Sebagai legislator dari Partai Demokrat, Baharuddin menegaskan bahwa kemajuan infrastruktur di PPU tidak bisa berdiri sendiri tanpa adanya peningkatan kualitas hidup masyarakat. Ia mengingatkan bahwa pembangunan sejati hanya akan tercapai apabila masyarakat menjadi subjek utama dalam proses pembangunan, bukan sekadar penonton dari proyek-proyek besar.
“Infrastruktur fisik itu penting, tapi harus disertai dengan pembangunan manusia. Jalan yang baik harus diikuti oleh pendidikan yang berkualitas, layanan kesehatan yang mudah dijangkau, dan kesempatan kerja yang terbuka luas,” ujarnya.
Tak lupa, Baharuddin memberikan apresiasi kepada pemerintah atas berbagai program dan kebijakan yang telah mendorong pembangunan di kawasan PPU, khususnya di wilayah-wilayah yang sebelumnya minim perhatian.
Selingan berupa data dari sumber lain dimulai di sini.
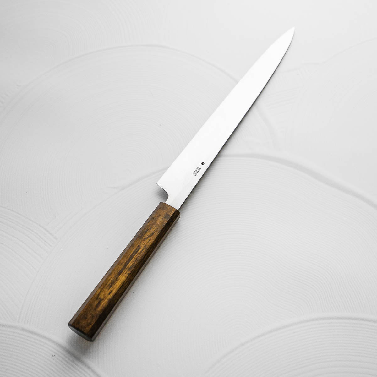 The Yanagiba knife, a staple in traditional Japanese cuisine, is a slender, long-bladed knife primarily used for slicing sashimi and sushi. Its graceful, single-beveled edge guarantees precise, thin cuts, preserving the texture and integrity of the fish. Revered for its sharpness and balance, the Yanagiba is essential for authentic Japanese food preparation.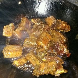 倒入油,把姜爆香,倒入排骨翻炒,依次倒入番茄酱,倒入料酒以后盖锅一分钟,去腥!然后放入糖,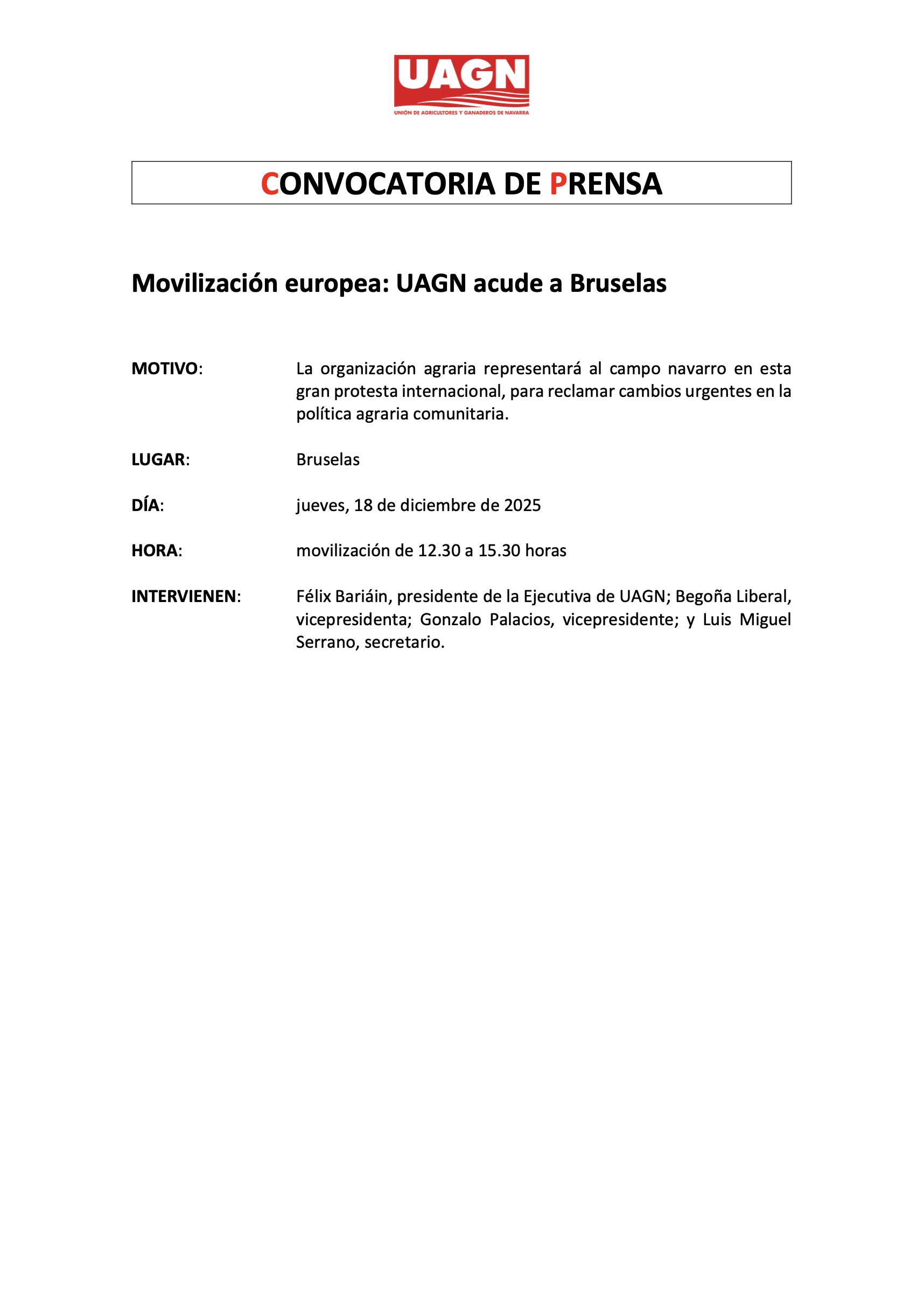 • Europa Press: ‘UAGN se suma este jueves a una manifestación en Bruselas para protestar por la situación del campo europeo’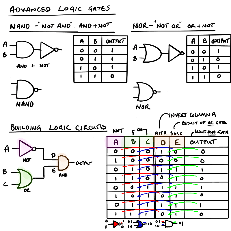 In electronics we use boolean logic and gates to build circuits. The AND, OR, and NOT gates are represented by symbols shown in the picture below and a Truth table that shows what the outputs would be based on the array of binary inputs.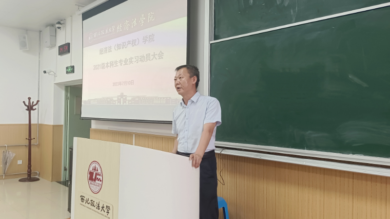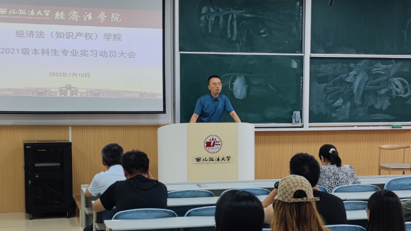 7月10日下午,经济法(知识产权)学院在长安校区天平楼AJ22教室召开2021级本科生专业实习动员大会。学院党委副书记李慧军、副院长薛亮、教务办徐靓老师及2021级全体学生到场参加,会议由辅导员李冬冬主持。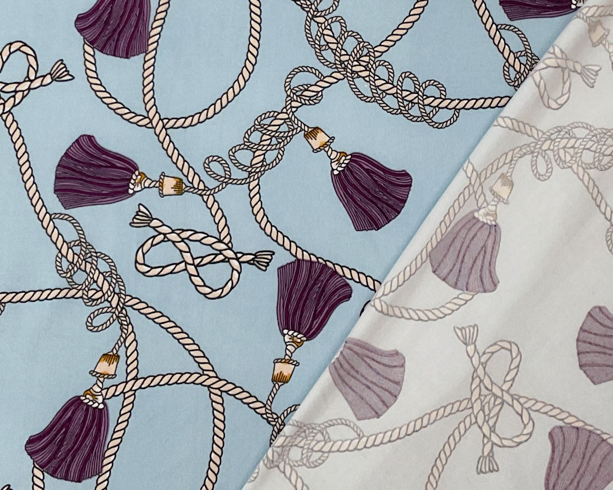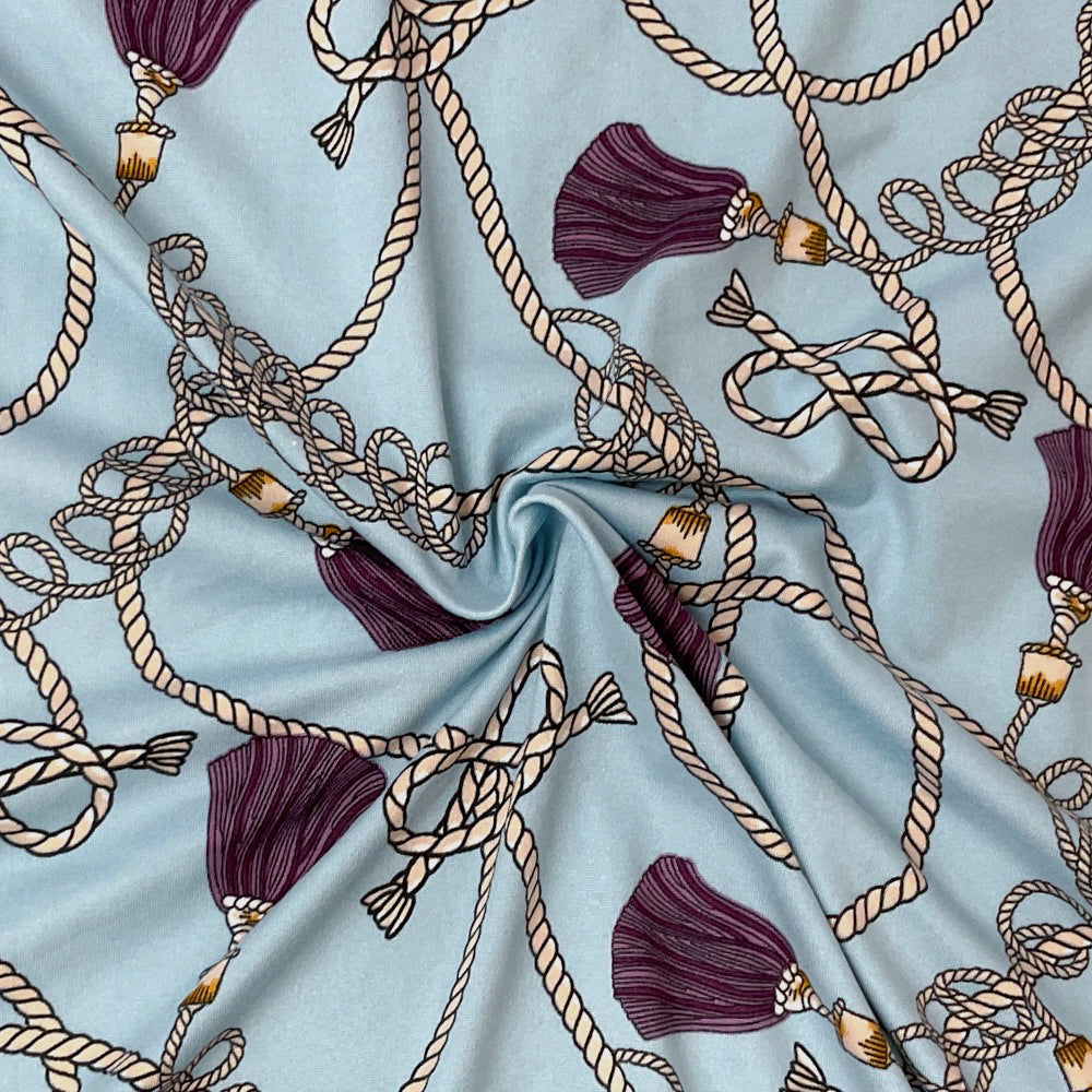 Blue-Multi Poly Spandex Stretch Rope Tassel Print DB Jersey Knit Fabric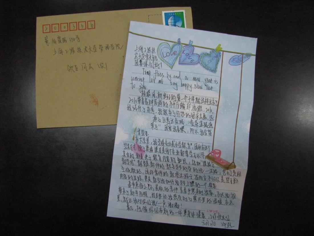 陈女士丈夫因车祸早逝,她本人身患癌症,还有一个读高中的女儿,因此生活非常拮据。在与陈女士一家结成帮困对子的七年多来,beat365亚洲体育官方网站志愿者们不仅定期上门慰问,还与她的女儿许遐结成对子,每月来给她补习功课,终于在2010年如愿考入大学,学习“小学教育”专业。在信中,许遐向beat365亚洲体育官方网站老师们谈了2010年对她的重要性以及在大学里的学习感悟,同时,她代表全家也感谢了beat365亚洲体育官方网站老师和同学们对她们家庭一如既往的关怀和帮助。

Baginya, pembangunan jalan, jembatan, serta sarana dasar lainnya adalah simbol kehadiran negara di tengah masyarakat, dan merupakan wujud kepedulian terhadap wilayah-wilayah terpencil.
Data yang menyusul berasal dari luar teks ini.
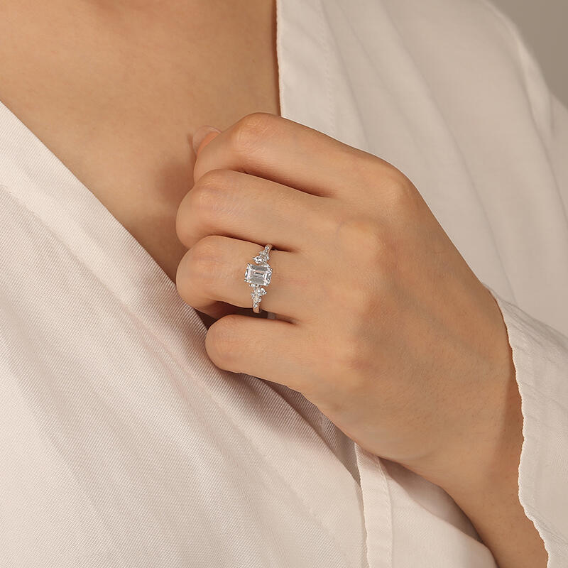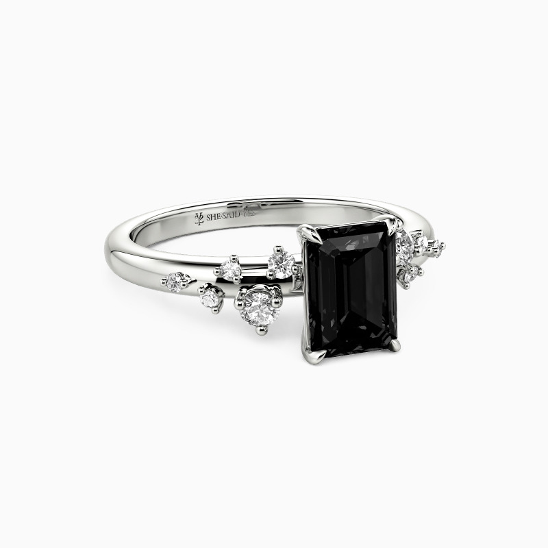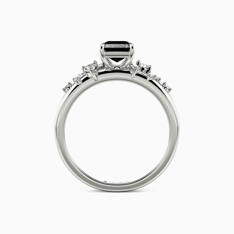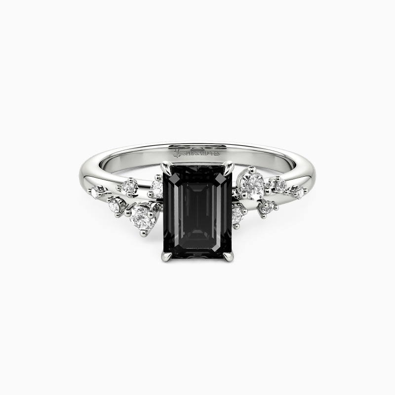 "Dearest Romance" Emerald Cut Cluster Side Stone Engagement Ring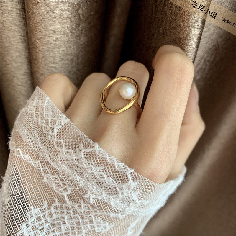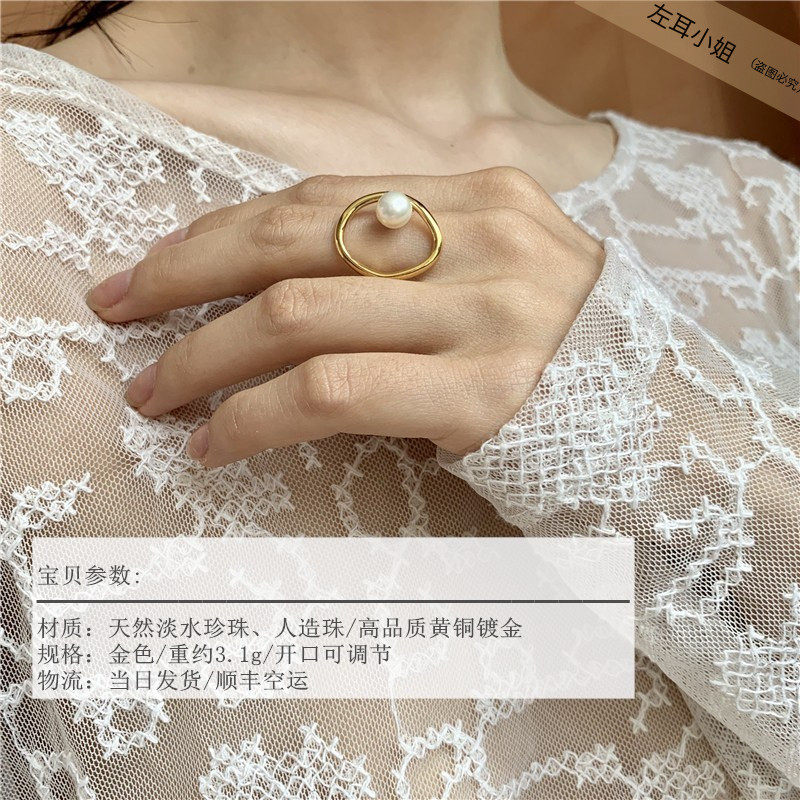 Natural Freshwater Pearl Ring Female Niche Design Personality Minimalist Ring Light Extravagant Advanced Sensation Index Finger Ring Adjustable

Namun demikian, ia juga mengingatkan bahwa pembangunan tidak boleh dilakukan secara sepihak. Keterlibatan masyarakat menjadi unsur vital yang tidak bisa diabaikan. Dengan melibatkan masyarakat sejak tahap perencanaan hingga pelaksanaan, pembangunan akan menjadi lebih tepat sasaran, relevan, dan berdampak langsung terhadap kehidupan mereka.
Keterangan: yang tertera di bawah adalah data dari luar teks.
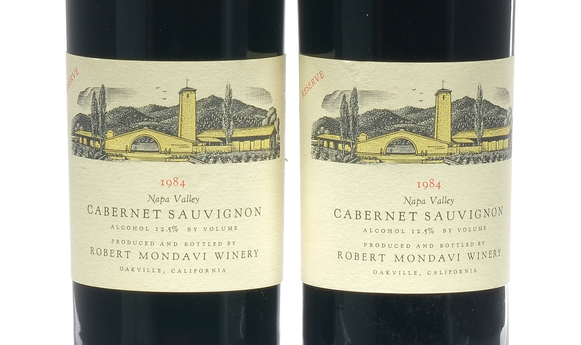 Reserve. Fill Level = Base Neck/Top Shoulder. Foil degraded. Labels VG. Wine California Napa Valley Robert Mondavi Winery USA Napa Valley Cabernet Sauvignon 1984 2 750ml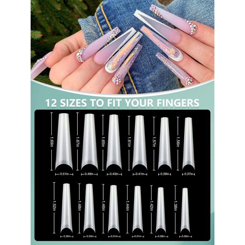 - Fácil de encontrar el tamaño adecuado: 12 tamaños diferentes de puntas de uñas largas y transparentes están prenumeradas del 1 al 12 individualmente para que puedas elegir el tamaño adecuado convenientemente. Y cada tamaño está separado de embalaje por una pequeña rejilla, que es conveniente para distinguir cuando lo usa. Tampoco lo arruinarás.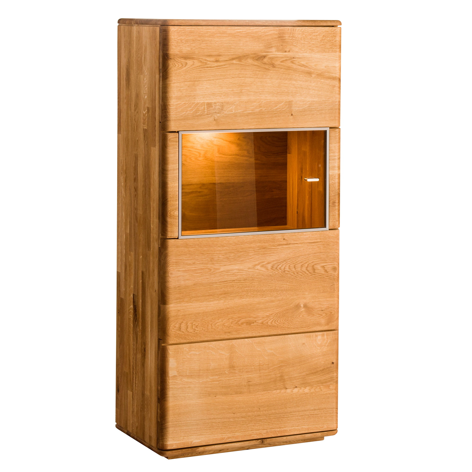 Każdy mebel z kolekcji DENVER/DALLAS to wyjątkowa bryła wyróżniająca się pięknem naturalnego drewna i doskonałą jakością wykonania. Witryna mała LEWA TYP 51 została wykonana z dębu sęcznego, dziki czemu zachwyca unikalnym usłojeniem i kolorystyką.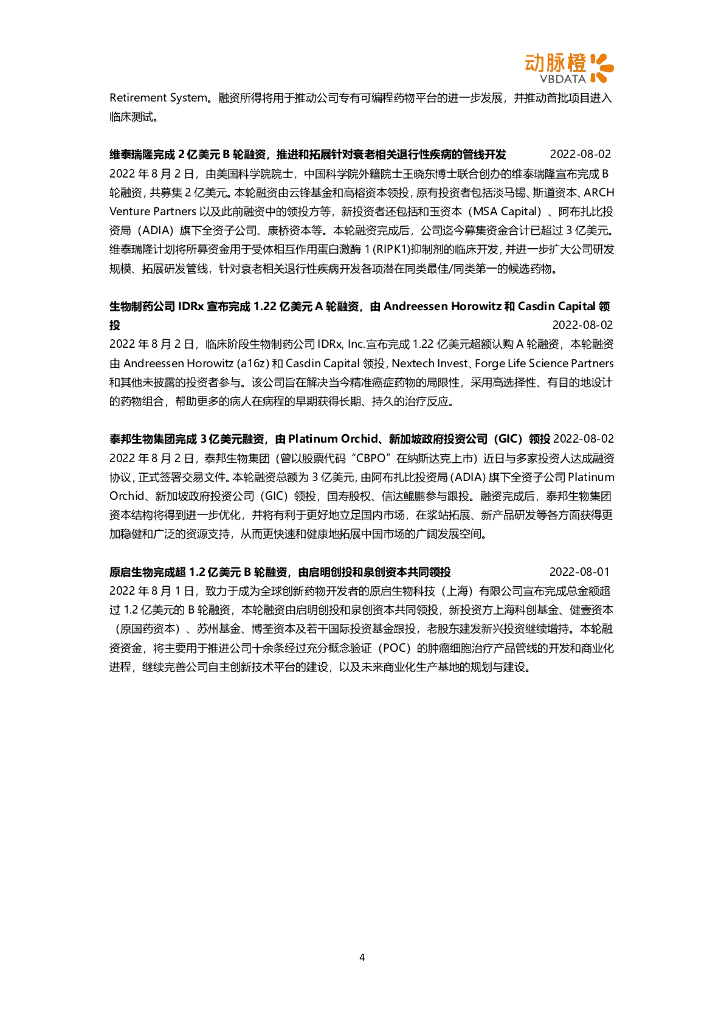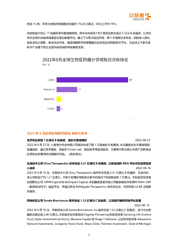 动脉橙:2022年8月全球生物医药投融资月报.pdf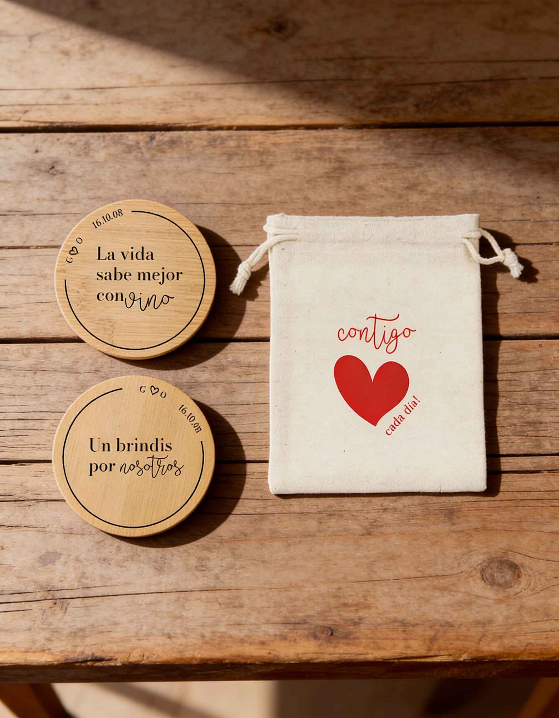 Este pack de 2 posavasos de bambú se personaliza con la frase que tú elijas, convirtiéndolo en un regalo único y especial.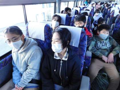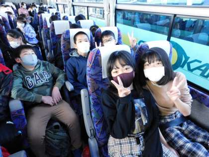 バス車内です。6年生も楽しさ満開、笑い声が絶えませんでした。

“Pembangunan yang dilakukan tanpa mendengar suara masyarakat hanya akan menciptakan infrastruktur yang kering makna. Sebaliknya, ketika masyarakat ikut merencanakan, mengawasi, dan merawat hasil pembangunan, maka manfaatnya akan berlipat ganda dan berkelanjutan,” ujarnya.
Baharuddin juga mengajak seluruh pihak—baik pemerintah pusat, pemerintah daerah, maupun elemen masyarakat sipil—untuk terus memperkuat kolaborasi dalam membangun PPU. Menurutnya, keberhasilan pembangunan bukan hanya terletak pada kelancaran teknis proyek, tetapi pada rasa memiliki masyarakat terhadap hasil pembangunan itu sendiri.
“Kita harus sama-sama menjaga apa yang sudah dibangun. Jalan-jalan yang kini mulus harus terus dirawat. Semangat membangun tidak boleh berhenti setelah proyek selesai, tapi justru harus meningkat untuk memastikan manfaatnya dirasakan jangka panjang,” ucapnya.
Ia menekankan bahwa indikator keberhasilan pembangunan yang paling utama adalah meningkatnya kualitas hidup masyarakat. Jika masyarakat di pelosok PPU merasakan bahwa hidup mereka lebih mudah, lebih sejahtera, dan lebih terakses terhadap layanan dasar, maka pembangunan itu layak disebut berhasil.
“Jangan sampai pembangunan hanya terlihat dari gedung-gedung tinggi atau jalan-jalan lebar. Pembangunan sejati adalah ketika ibu-ibu di desa bisa membawa anaknya berobat dengan mudah, ketika petani bisa menjual hasil panennya tanpa kesulitan transportasi, dan ketika generasi muda punya harapan masa depan lebih cerah di kampung halamannya sendiri,” pungkasnya.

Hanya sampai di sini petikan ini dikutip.